Di tengah lonjakan mobilitas tersebut, PT ASDP Indonesia Ferry (Persero) menegaskan bahwa operasional penyeberangan berjalan dengan lancar. Berbagai langkah antisipatif telah disiapkan, guna menjaga kelancaran arus kendaraan dan kenyamanan penumpang.
Wakil Direktur Utama ASDP, Yossianis Marciano, menyampaikan bahwa kesiapan telah dirancang jauh hari sebelum puncak arus balik terjadi.
"Lonjakan arus balik adalah momentum yang sudah kami perhitungkan. Fokus kami adalah memastikan setiap pengguna jasa tetap mendapatkan layanan yang aman dan nyaman," ujar Yossianis, seperti dikutip dari keterangan resminya.
Peningkatan volume kendaraan mulai terlihat sejak beberapa hari setelah Lebaran, dengan puncak pergerakan harian yang menunjukkan tingginya antusiasme masyarakat untuk kembali ke Bali. Hal ini juga tercermin dari tingginya angka reservasi tiket yang terus bertambah melalui sistem digital yang digunakan.
Meski sebagian besar pemudik telah kembali, arus kendaraan diperkirakan masih akan terus mengalir dalam beberapa hari ke depan. Situasi ini menuntut pengguna jasa untuk lebih bijak dalam mengatur waktu perjalanan, agar terhindar dari kepadatan.
Dalam periode terbaru, ribuan penumpang dan berbagai jenis kendaraan telah berhasil diseberangkan dengan tertib. Secara kumulatif, lebih dari separuh total pemudik telah kembali ke Bali, menunjukkan bahwa fase arus balik masih berlangsung namun mulai terurai secara bertahap.

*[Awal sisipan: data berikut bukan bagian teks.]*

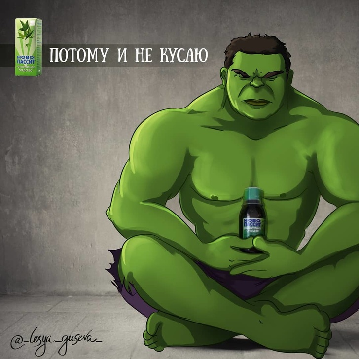 Супергерої можуть не тільки рятувати світ, але і виступати особами іменитих брендів. Художниця з Пермі Леся Гусєва показала, що могли б рекламувати відомі персонажі, якби їм дали таку можливість.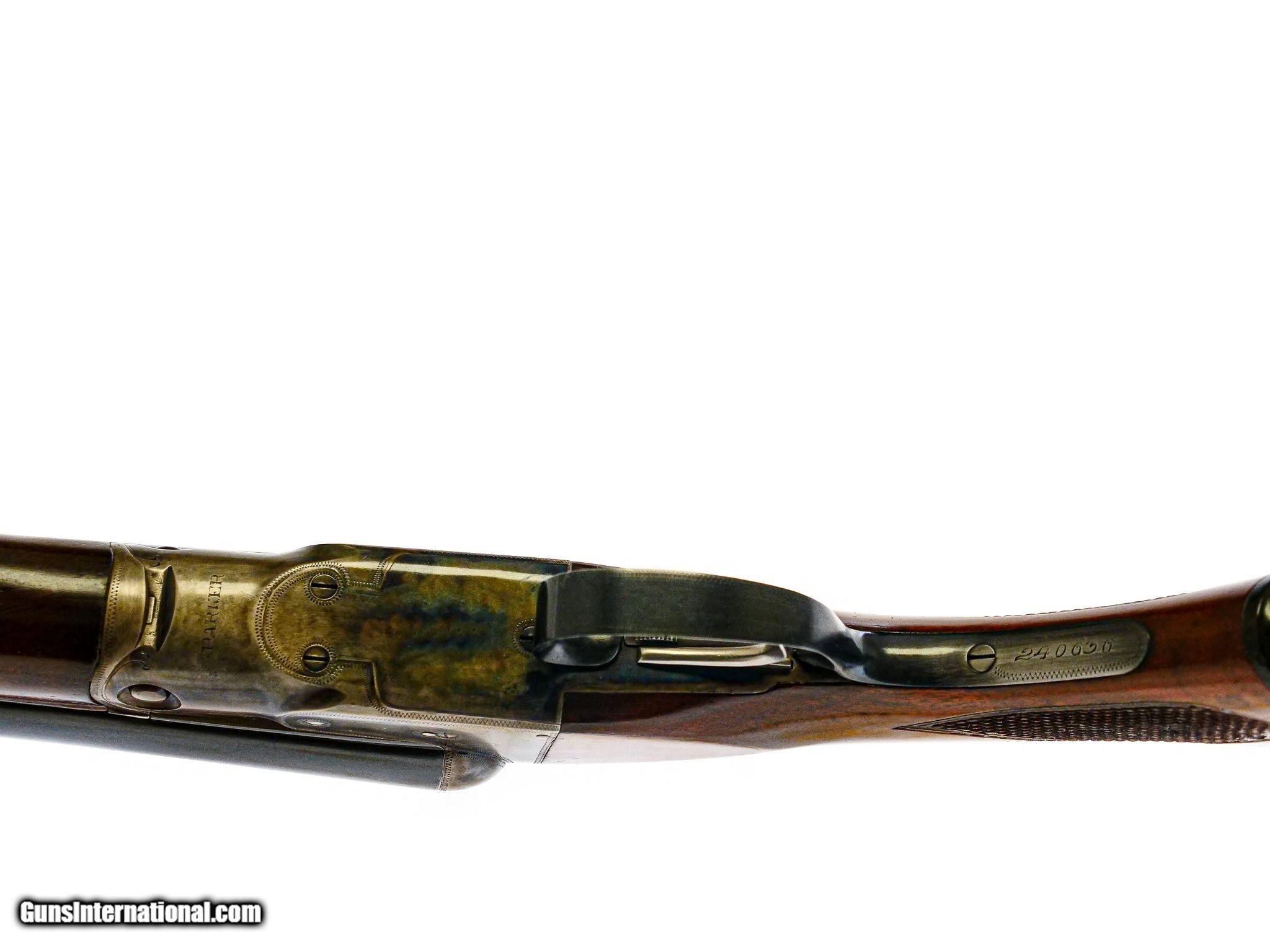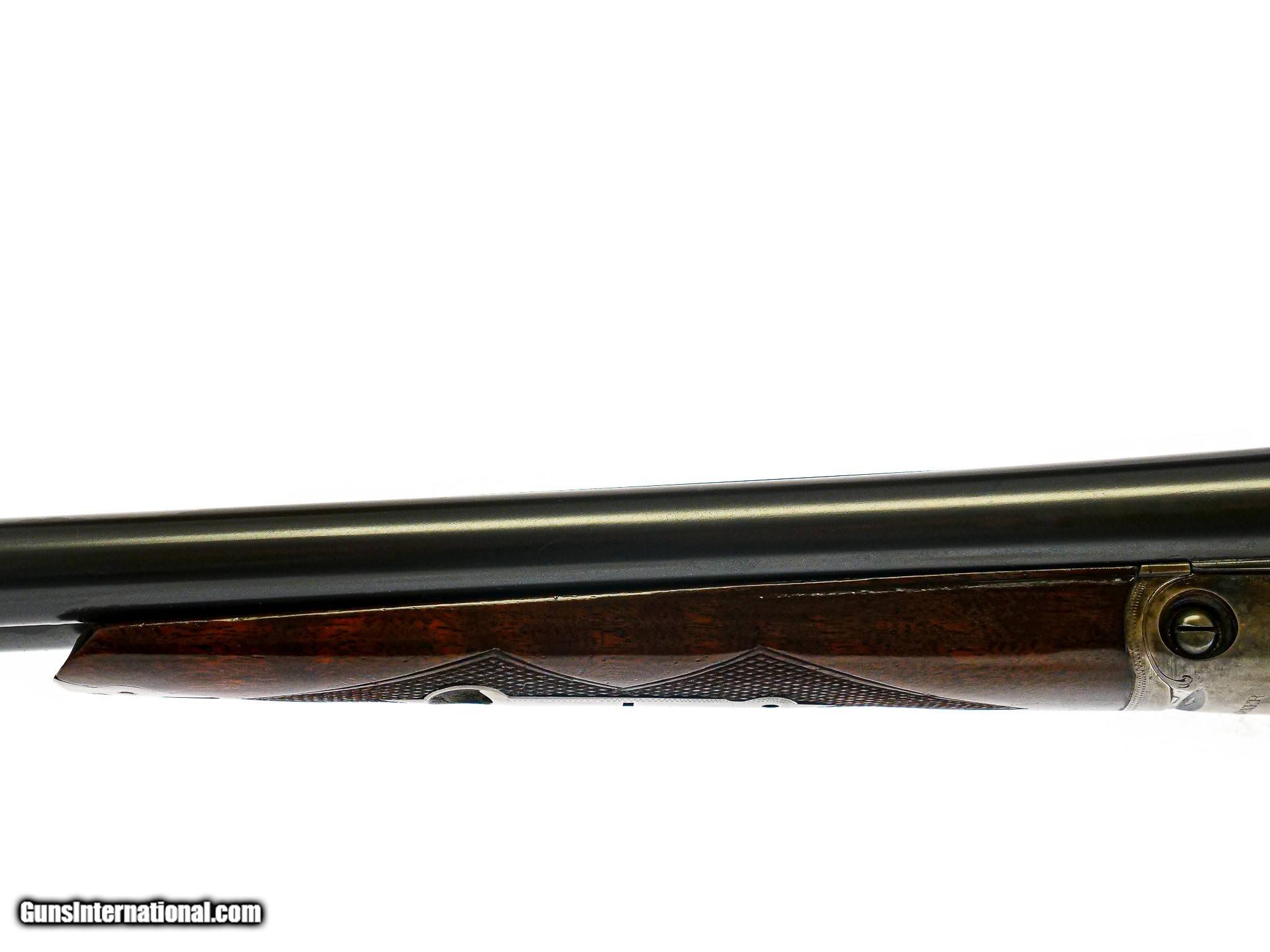 Description: Parker - VHE Grade, SxS, RARE ½ Frame, Late Production, 12ga. 28" Barrels. 2 ¾” Chambers, DHBP, pistol grip, Parker Single selective trigger, auto ejector, splinter forend, 98% Blue, wood finish, and checkering, perfect screws, a majority of the original case color, very rare 1/2 frame gun that is outstanding! Inv: 70176 7 lbs. 1 oz. 14 ½" x 1 ½" x 2 5/8" $8,995.00 SOLD |

Di lapangan, suasana pelabuhan dipenuhi berbagai aktivitas khas arus balik. Kendaraan keluarga, bus penumpang, hingga truk logistik terlihat bergantian memasuki area pelabuhan. Meski ramai, arus kendaraan tetap bergerak berkat pengaturan yang disiplin.

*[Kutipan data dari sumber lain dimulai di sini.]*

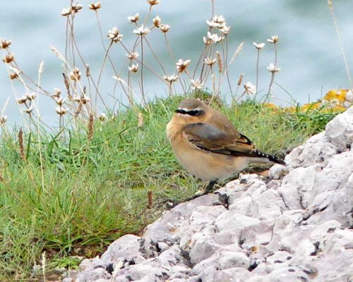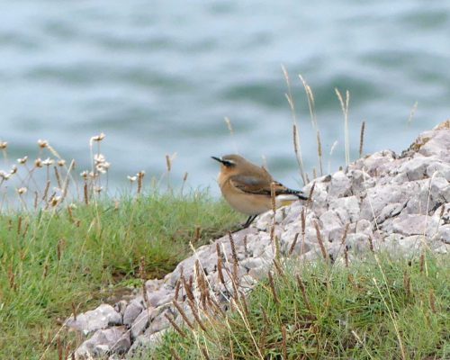 There were no signs of either Cormorants or Guillemots on this side of the cliff so I carried on walking towards its other more easily visible side. I hadn’t gone far when I spotted a bird flitting about between rocks near the edge; a handsome male Northern Wheatear. It was slightly below me behind a bit of a ridge, so partly hidden from its view I managed to watch it for some time with out disturbing it.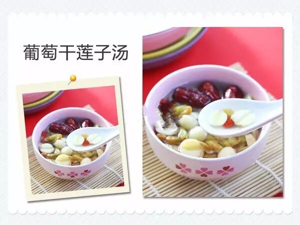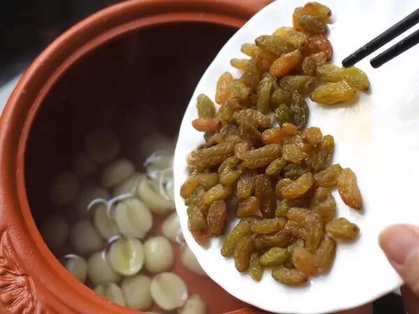 步骤3:与葡萄干一起装入锅内,加水800毫升左右。用旺火烧开后改用文火,煲至莲子熟烂时停火,喝汤吃料。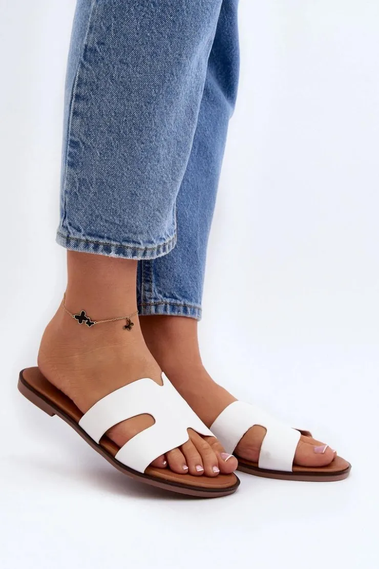 Klapki to idealna propozycja dla osób poszukujących uniwersalnego obuwia na lato. Wykonane z eko skóry. Płaski obcas gwarantuje wygodę podczas noszenia, co jest szczególnie istotne podczas letnich spacerów czy wyjść na miasto. Klasyczny fason sprawia, że świetnie pasują do różnych letnich stylizacji! Przy wyborze rozmiaru prosimy sugerować się tabelą rozmiarów.

ASDP menerapkan kebijakan prioritas untuk kendaraan penumpang, seperti sepeda motor, mobil pribadi, dan bus, guna mempercepat perjalanan masyarakat. Sementara itu, kendaraan logistik diatur secara fleksibel mengikuti kondisi di lapangan.

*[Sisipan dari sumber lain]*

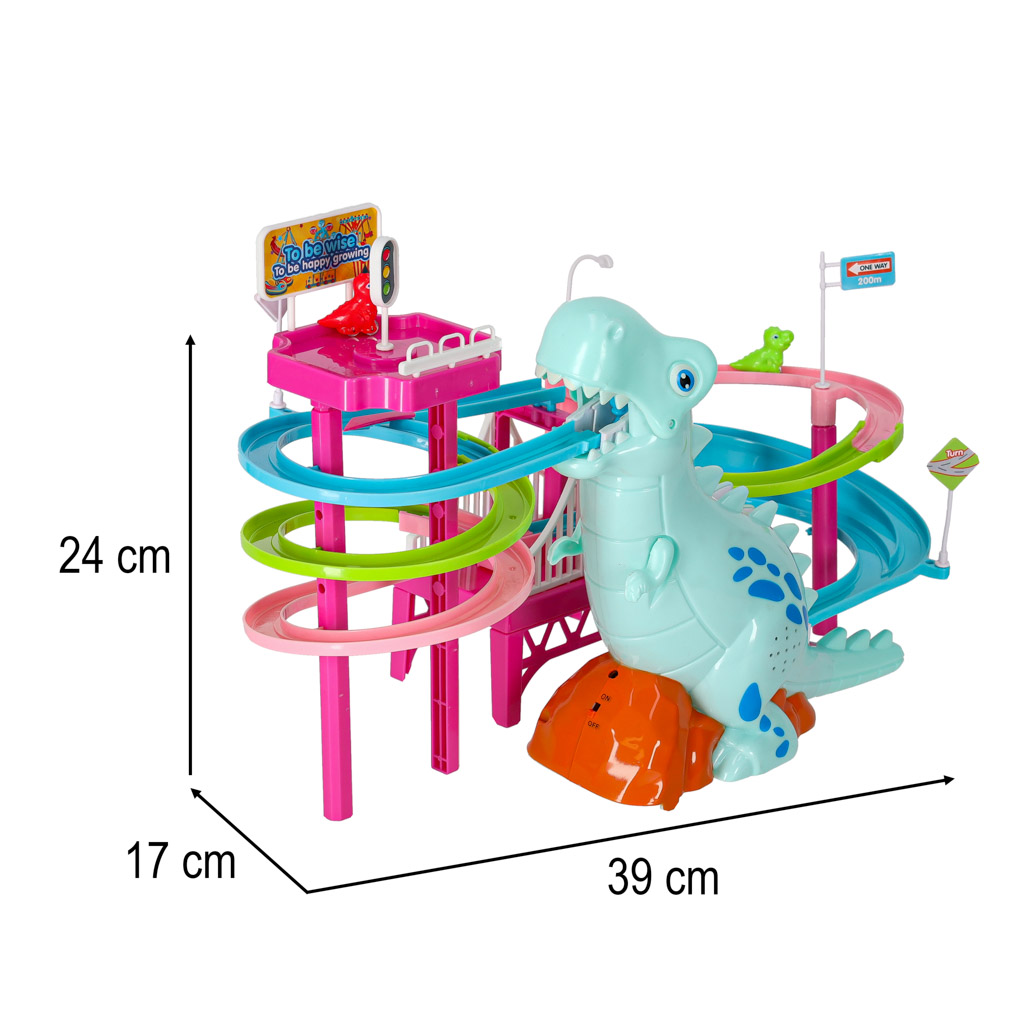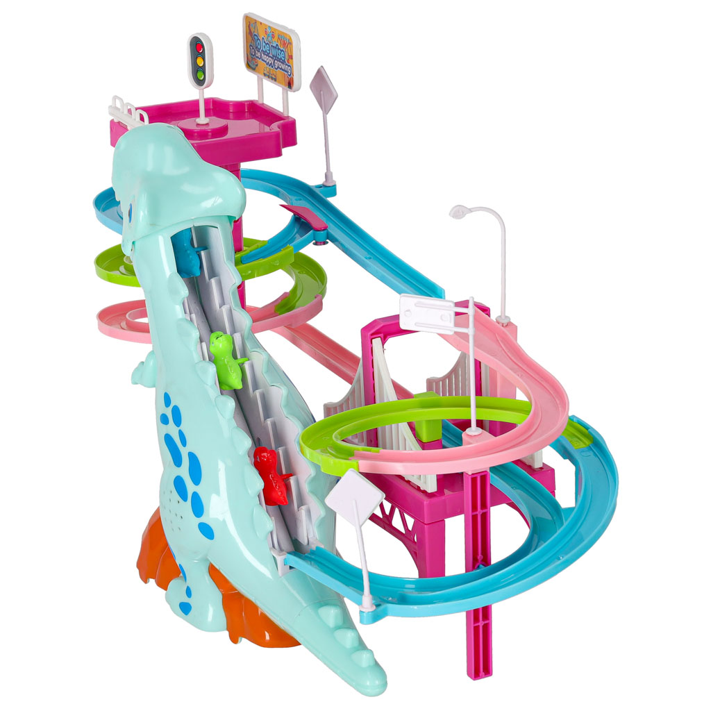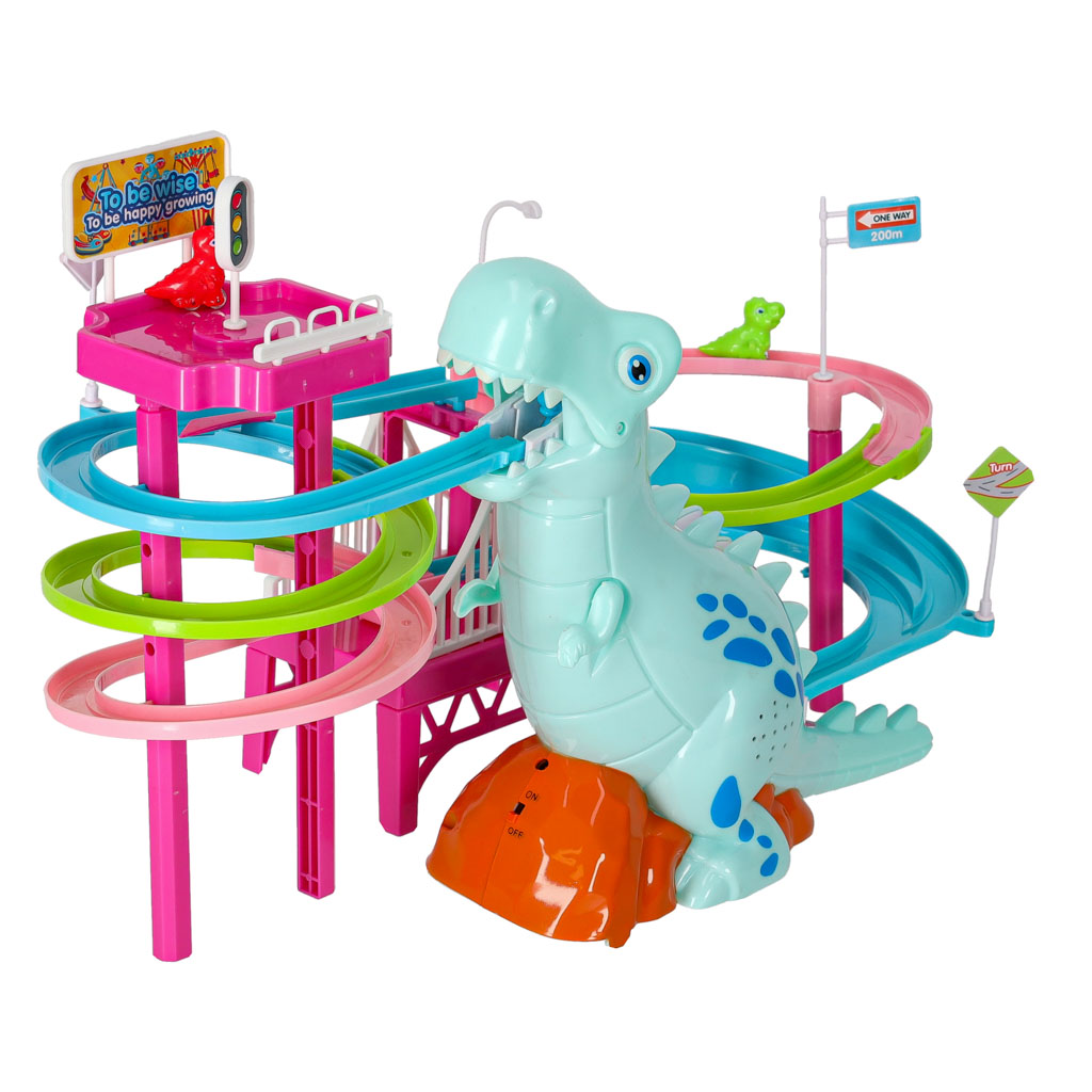 Võistlusrada, kus dinosaurus neelab väikeste dinosauruste kujulisi autosid, on lastele väga lõbus.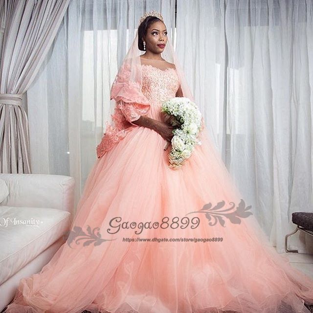 2019 Vintage Lace 3 4 Long Sleeves Ball Gown Blush Pink Wedding Dresses Sheer Neck Illusion Soft Tulle Church Formal Bridal Wedding Gowns Gown Wedding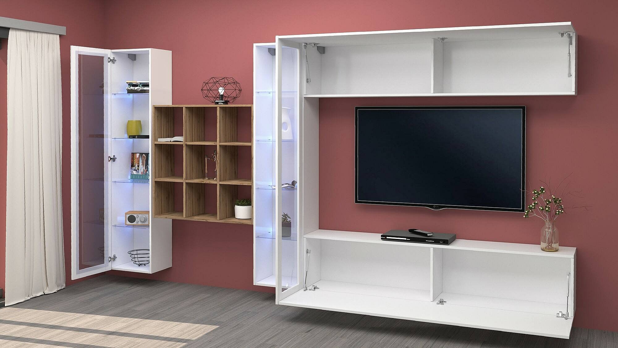 ABMESSUNGEN IN CM - TV-Schrank: 180x30h40 - Hängeschrank: 180x30h40 - Säulenschränke: 40x30h180 - Regal: 90x25h90

General Manager ASDP Cabang Ketapang, Arief Eko, menjelaskan bahwa strategi buffer zone menjadi salah satu kunci pengurai kepadatan.
"Kami menempatkan kendaraan logistik di area penyangga saat kondisi padat. Ketika situasi mulai terkendali, kendaraan tersebut akan kami layani kembali secara bertahap," jelas Arief.
Puluhan kapal dioperasikan secara optimal untuk mendukung kelancaran penyeberangan. Pola operasional yang terstruktur, serta pemanfaatan area penyangga turut membantu menjaga ritme pergerakan tetap stabil, meskipun tingkat keterisian pelabuhan cukup tinggi.
Selain menjaga kelancaran, aspek keselamatan juga menjadi perhatian utama. ASDP mengimbau masyarakat untuk merencanakan perjalanan dengan baik, termasuk memastikan kondisi fisik dan kelengkapan kebutuhan selama perjalanan.
"Perjalanan yang aman dimulai dari persiapan yang matang. Kami mengajak seluruh pengguna jasa untuk memanfaatkan sistem reservasi tiket dan mengikuti arahan petugas di lapangan," pungkas Yossianis.